Recorrido personal
Poco después de publicarse mi libro “Los símbolos complejos” me telefonearon de la revista “Contrastes” pidiéndome asesoramiento para un número que estaban preparando sobre las matemáticas. Tuve que decirles que no les podía ayudar, por cuanto mis conocimientos de matemáticas no llegaban ni al nivel de bachillerato. Algún tiempo más tarde, en un encuentro que se celebró en Pedralba, en la Universidad de Verano “Zambuch”, Agustín Andreu me presentó como un notable matemático. Al protestar aduciendo mi escasa formación matemática, tuve que explicar como desarrollé lo que considero la formulación matemática de la mónada de Leibniz.
El proceso partió, unos 30 años antes, cuando se resquebrajaron los esquemas mentales que se habían estructurado en mi juventud y tuve que aventurarme en la búsqueda de un nuevo paradigma en el que creer. La crisis no fue vital pues mantenía como esencial el afecto familiar, la solidaridad confiada y esperanzada en los seres humanos y en los trabajadores en especial, el cumplimiento con un trabajo como mecánico fresador que me mantenía ligado a las leyes inexorables de la materia y una fe elemental en una trascendencia que no aceptaba ningún dogma y que me condujo a la certeza de que la existencia tenía que tener su propia lógica, que ésta debía ser extraordinariamente sencilla y, en consecuencia, poderse expresar mediante los símbolos matemáticos, pues eran los más sencillos y universales. Mi reflexión me condujo a dos universos: mi universo interior que buscaba comprender, y el universo exterior que tenía que ser comprendido. Ambos, en tanto que uni-versos podían ser representados por la unidad matemática, aunque asignándoles unidades diferentes. Mi universo interior podía simbolizarse por la unidad imaginaria (i) en cuanto que el reconocimiento de mis contradicciones, dudas, crisis y transformaciones, no me impedían sentirme como uno, siempre el mismo, aunque siempre diferente. El universo exterior también cambiaba, pero yo lo tenía que tomar tal como se me manifestaba y por eso le correspondía la unidad real (1).
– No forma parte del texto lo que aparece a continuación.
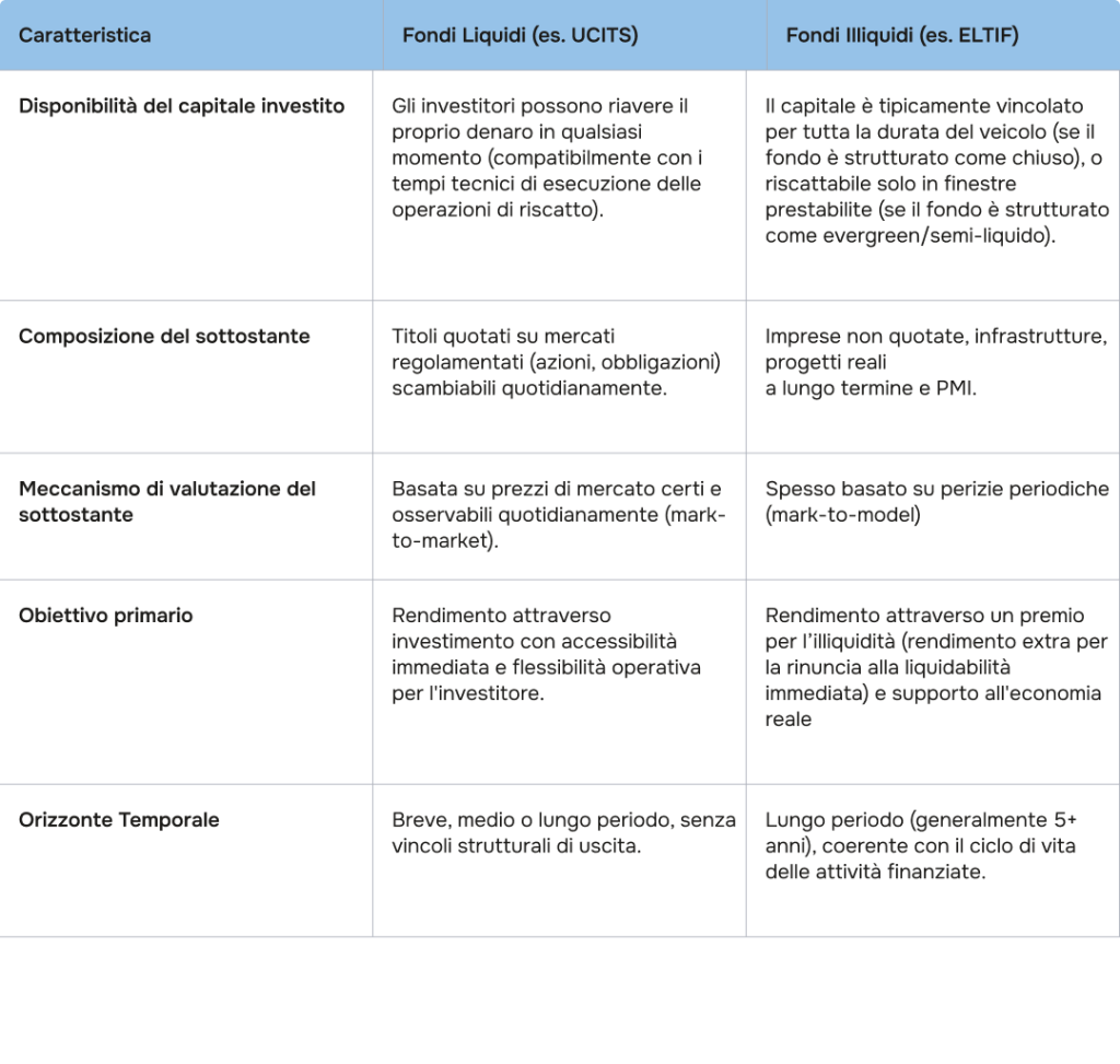 Per questa ragione, gli ELTIF sono definiti per legge come strumenti a “bassa liquidità”. Questa caratteristica li distingue nettamente dai fondi armonizzati tradizionali (UCITS), la cui filosofia si basa sul diritto dell’investitore di uscire in qualsiasi momento. Negli ELTIF, la stabilità del capitale è la condizione necessaria per investire nell’economia reale.

Los dos universos en realidad eran uno sólo y por eso los uní en una suma imposible que se resolvía en una nueva unidad, la unidad compleja. (i+1)
Como el universo exterior lo tenía que compartir con otros individuos, el término real no era 1, sino 1/n, siendo n el número de individuos implicados. Un número imposible de precisar debido a la profunda interacción que relaciona a todo lo existente y que los meteorólogos ilustran bien diciendo que el aleteo de una mariposa en el Brasil, incide en la formación de un tifón en el Pacífico, y que ha tenido, entre otras consecuencias, la prohibición de ciertos aerosoles para evitar el agujero de ozono. Por lo tanto el valor de n había que definirlo por su tendencia al infinito, lo que convertía el 1/n en una tendencia hacia cero, lo que concuerda con el sentimiento esencial de nuestra relación con el universo. Por una parte nos sentimos capaces de comprender la inmensidad, y por otra, nos sabemos un punto insignificante dentro de esa inmensidad. Es quizá el misterio más grande del ser humano, aspirar al todo siendo una insignificante parte.
Un aspecto fundamental a destacar es que tender a cero no significa que tienda a desaparecer la interacción, sino todo lo contrario. La interacción existe siempre, como demuestra la mecánica cuántica, se manifiesta matemáticamente por la elevación del binomio a la potencia de n y por su recorrido por toda la sucesión de números naturales y se resuelve en un límite, dado el carácter convergente de la sucesión resultante.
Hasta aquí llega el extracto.